| Data |
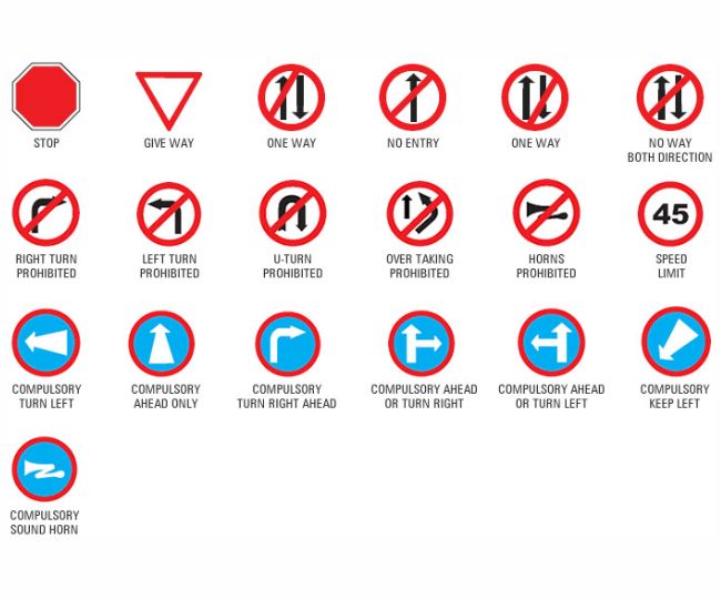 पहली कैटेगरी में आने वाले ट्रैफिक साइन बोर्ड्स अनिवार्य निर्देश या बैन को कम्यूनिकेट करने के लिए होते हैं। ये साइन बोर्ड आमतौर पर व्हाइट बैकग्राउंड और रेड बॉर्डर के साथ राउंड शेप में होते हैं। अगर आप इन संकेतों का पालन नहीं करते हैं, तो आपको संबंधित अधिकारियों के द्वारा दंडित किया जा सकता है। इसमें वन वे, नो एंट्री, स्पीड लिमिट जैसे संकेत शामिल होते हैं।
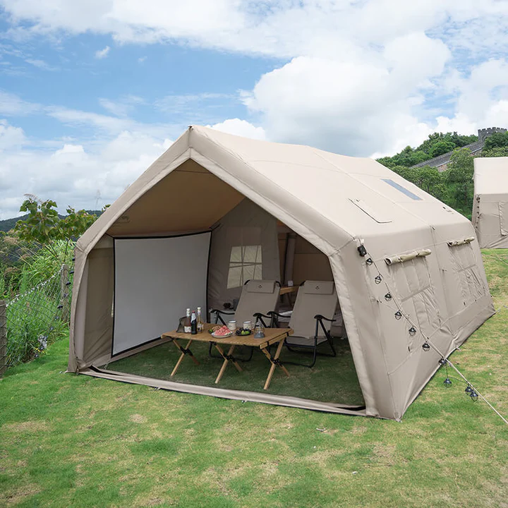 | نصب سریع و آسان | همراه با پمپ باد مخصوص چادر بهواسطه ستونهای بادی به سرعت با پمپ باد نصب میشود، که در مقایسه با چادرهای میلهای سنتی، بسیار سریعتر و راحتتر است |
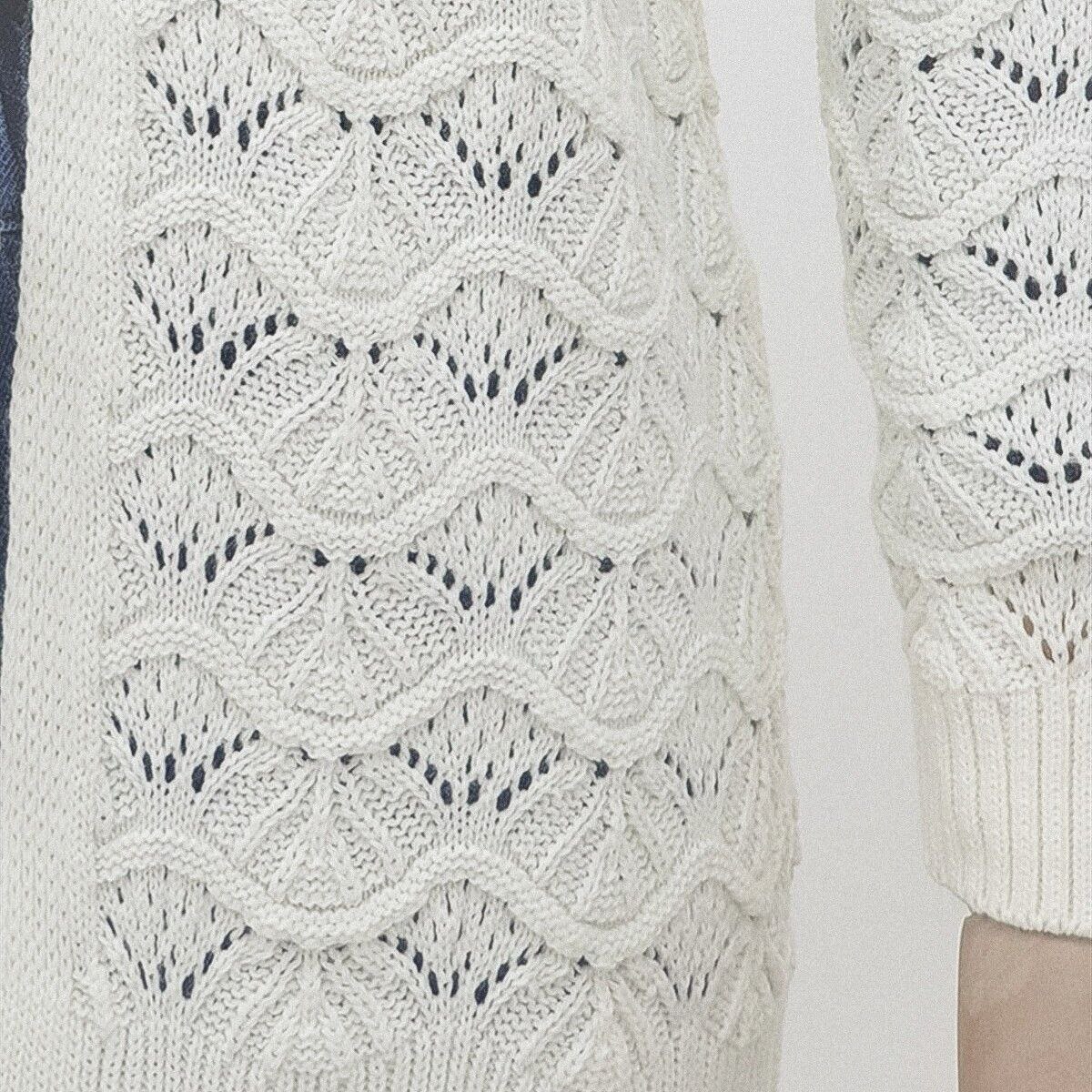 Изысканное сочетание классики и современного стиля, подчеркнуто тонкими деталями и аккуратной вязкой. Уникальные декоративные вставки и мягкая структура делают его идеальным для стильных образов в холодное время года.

| Aim of the exercise |
Leaving out all pictures, retype exactly the lines that run from the one containing "راحتتر است |" through the last line of the material.

| Worked solution |
 | نصب سریع و آسان | همراه با پمپ باد مخصوص چادر بهواسطه ستونهای بادی به سرعت با پمپ باد نصب میشود، که در مقایسه با چادرهای میلهای سنتی، بسیار سریعتر و راحتتر است |
 Изысканное сочетание классики и современного стиля, подчеркнуто тонкими деталями и аккуратной вязкой. Уникальные декоративные вставки и мягкая структура делают его идеальным для стильных образов в холодное время года.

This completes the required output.